In the meantime, I read somewhere that the headlight of a car is about 650 lumens. Is this right? I'll have to wait an hour and half for dark and go compare my China P7-C 900 lumens to my headlight.

:thumbsup:


----------



## StarHalo (Jul 10, 2010)

DavyCrockett said:


> So will have to wait till Monday. I hope I don't die between now and Monday.



If you get tired of waiting, you can buy the Stanley HID at your local Wal-Mart for $70..



DavyCrockett said:


> I can hardly wait to get it and use it - to be more knowledgeable about it.



Hope you've got a wide open space somewhere, you won't be able to use it at all in an urban/suburban setting..



DavyCrockett said:


> I read somewhere that the headlight of a car is about 650 lumens. Is this right?



More like 500 lumens, but close enough. I like a good ~600 light for walking suburban streets at night, it's like your own personal car headlight.


----------



## DavyCrockett (Jul 10, 2010)

Egads, a reply from the Republik of Kalifornia! :devil:

Too late, I've already shelled out the bucks, and paid shipping.

Yes, good thought...we live high in the Rocky Mts. There's a mountain 400 yards from my deck I want to try it on. We left Kalifornia Light, a year ago (PHoenix) to get out of the big city. :tinfoil: :wave:

More like 500 eh? Then this 900 lumens P7-C should be a fair amount brighter? (I'm not going to say almost twice as bright...this would bring words like logarithmic and the like) 

Thanks for the input. :thumbsup:


----------



## StarHalo (Jul 10, 2010)

DavyCrockett said:


> More like 500 eh? Then this 900 lumens P7-C should be a fair amount brighter?



Most of the budget "900 lumen" P7s aren't that bright at all, probably closer to 600. And a headlight emits all its light in a horizontal spread with a broad hotspot and all the spill off to the side and below, so if your light has a normal beam profile, it may seem a bit dimmer with less spill.


----------



## DavyCrockett (Jul 10, 2010)

"Most of the budget "900 lumen" P7s aren't that bright at all, probably closer to 600... it may seem a bit dimmer with less spill."

Really! What a gip then! I'm going to go check it out right now...it's dark enough.

BRB

Ok, am back. Well, I think I have a winner with my 900 lumens P7-C. It DOES seem brighter... but then I check the throw, and the car lights win out. So I"m happy. I suspect the 3500 lumens light will blow away the car lights in brightness and throw. What do you think?
 You were right about the 'more spill' on the carlights.


----------



## DavyCrockett (Jul 11, 2010)

It got dark on us, so my wife and I went for a walk toward that mountain. There ARE bear and mt. lions around here.
I carried my little P7-C. After 5 minutes, I shined it up into the woods and there were two bright big eyes looking at us. We could tell the animal was a big one, not a mere rabit or badger.
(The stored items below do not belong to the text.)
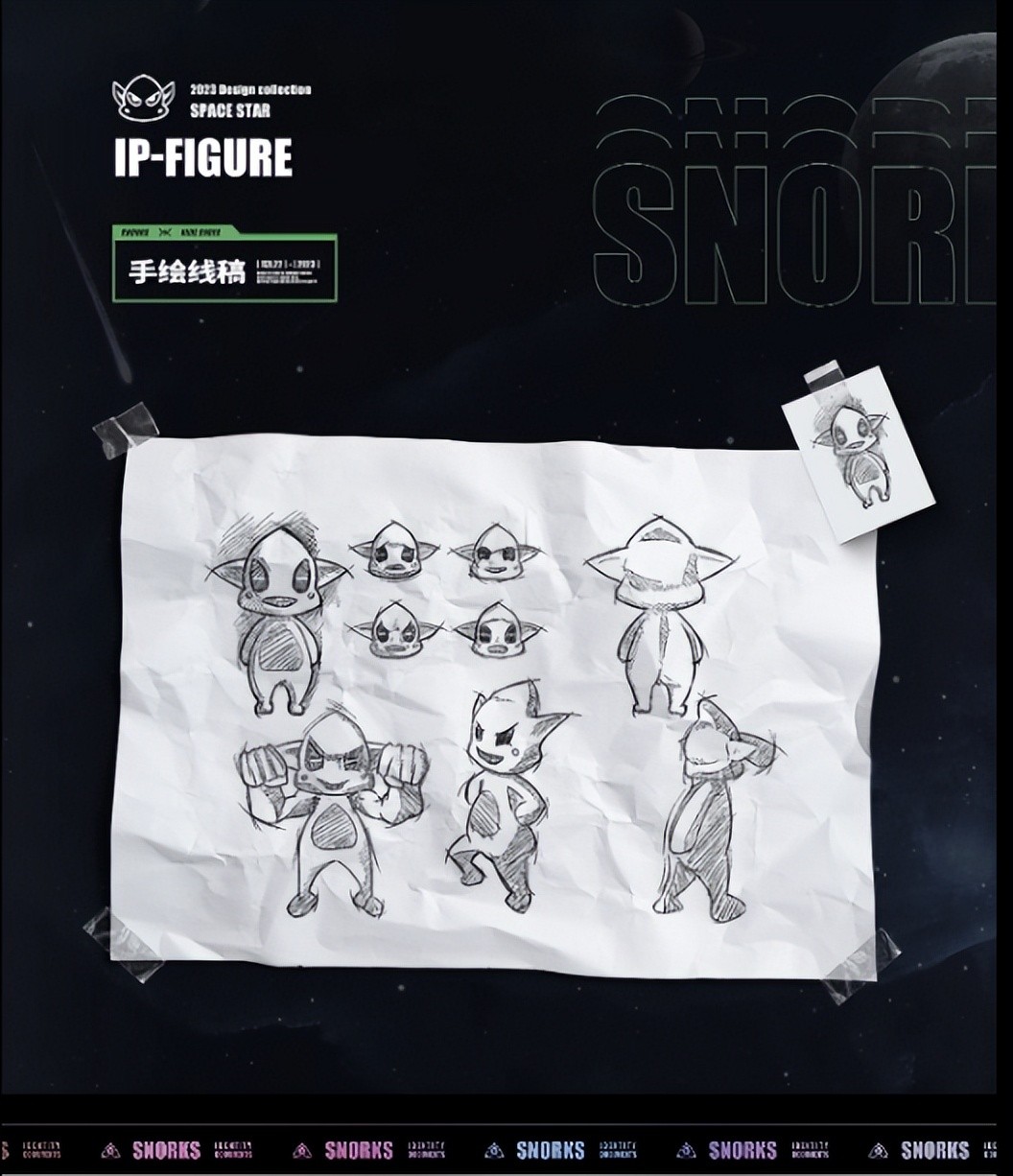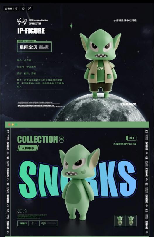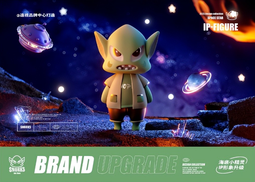创意思路参考星球系列电影,热门IP形象尤达大师,造型灵感来源星球大战《曼达洛人》外星人尤达宝宝的创意,增加品牌风格的独特性,区别可爱风格,更加符合品牌美潮的调性。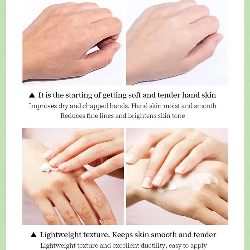 Эффективность продукта: богатая кремовая текстура элегантно обертывает кожу рук, ощущая себя как маска для рук, увлажняет, питает, восстанавливает и защищает. Мягко восстанавливает сухой, твердый, толстый ручной кератин, грубые морщины рук и тонкие линии, оставляет кожу сияющей и питающей, и устраняет тонкие линии и мозоли между костяшками пальцев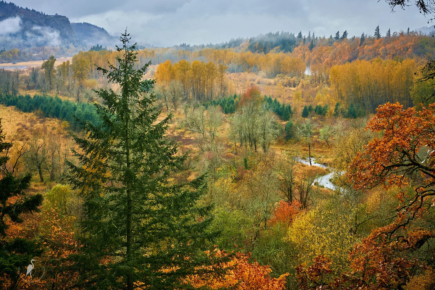 The autumn color was especially beautiful this past fall. Here is an example of that beauty photographed from the bridge at Shepherd’s Dell looking northwest down the gorge. The Vista House is visible in the upper left of the image, and the river is just peeking through the vegetation in the upper right-center of the image. The stream in the middle is the stream that flows through Shepherd’s Dell. The day was blustery and misty, accounting for the soft light and clear colors.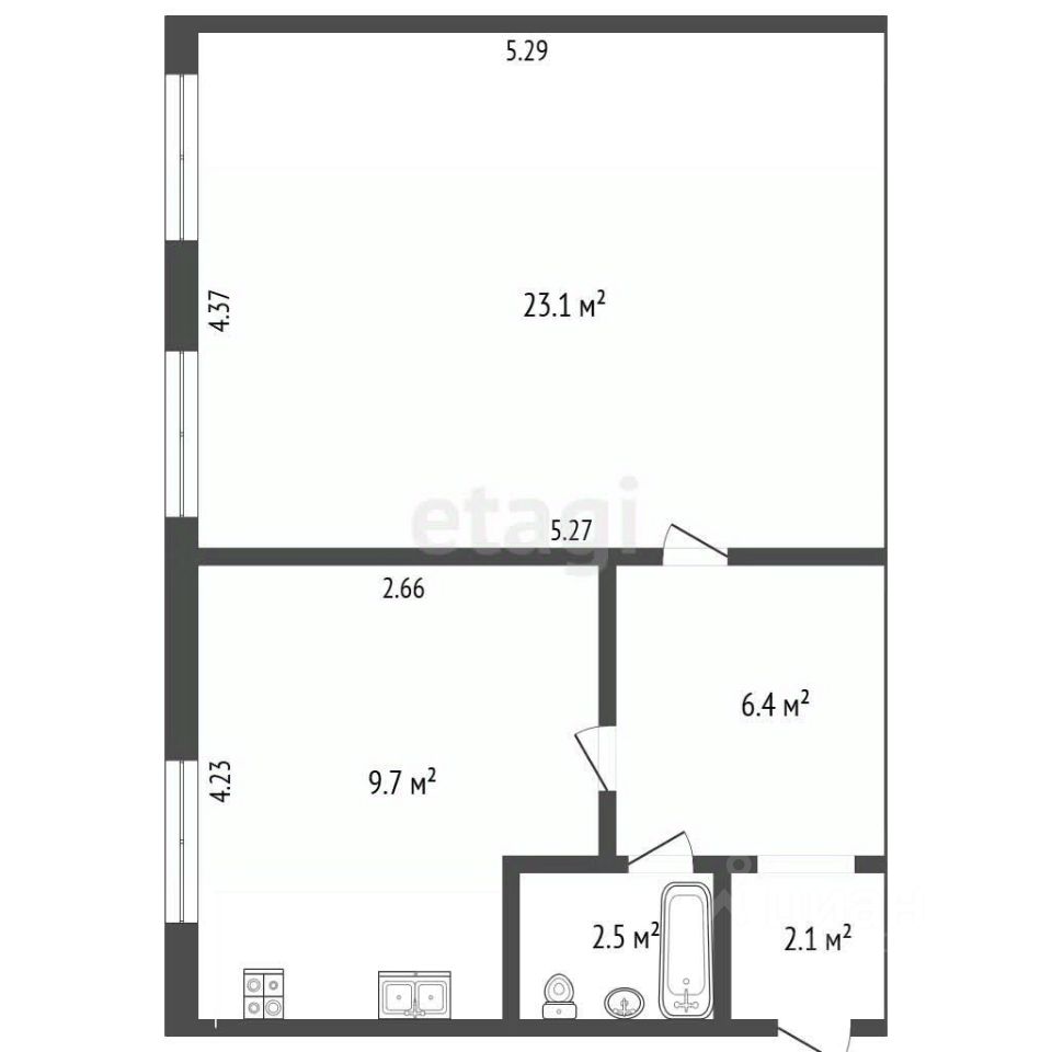 Квартира включает светлую кухню 9.7 кв.м.
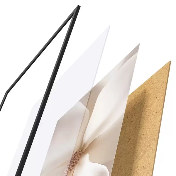 L’affiche encadrée est composée d’un cadre, d’un plexiglas, d’une image imprimée et d’un support en aggloméré. Elle est prête à être accrochée au mur grâce aux fixations situées à l’arrière.

Then it crouched up and down a couple of times. 
I said, "looks like a mt. lion to me." 
Whatever it was, was about 70 yards away.
She got scared. So she turned on her 2 million cp spotlight...and there it was...
.
. 
.
.
a deer.
Now she wants me to carry my Ruger from now on, on these night walks.

We intend to go Monday night, with that 3500 lumen NewComdigi. :candle:


----------



## StarHalo (Jul 11, 2010)

DavyCrockett said:


> I suspect the 3500 lumens light will blow away the car lights in brightness and throw. What do you think?



And spill. Most 35W HIDs have a a nearly 160 degree spillbeam, while the hotspot visibly lights objects a half mile away (which is why you can't use it in an urban/suburban setting). The door-mounted searchlight on a police cruiser is only ~1000 lumens, your HID will be brighter than all the lights on the car on at the same time.



DavyCrockett said:


> We intend to go Monday night, with that 3500 lumen NewComdigi. :candle:



You can, but you may not find any serious use for it - if you attempt to light anything within a 100 yards, you'll just lose your night vision and blind whatever you're aiming the light at (not a good idea to point an HID at animals at close range, wild creatures trying to flee while completely blind can injure themselves pretty easily, this includes birds). It's great for lighting up entire hillsides and canyons though..


----------



## Ray_of_Light (Jul 11, 2010)

I bought the H.I.D. light from eBay, you can see it on the right in the above picture.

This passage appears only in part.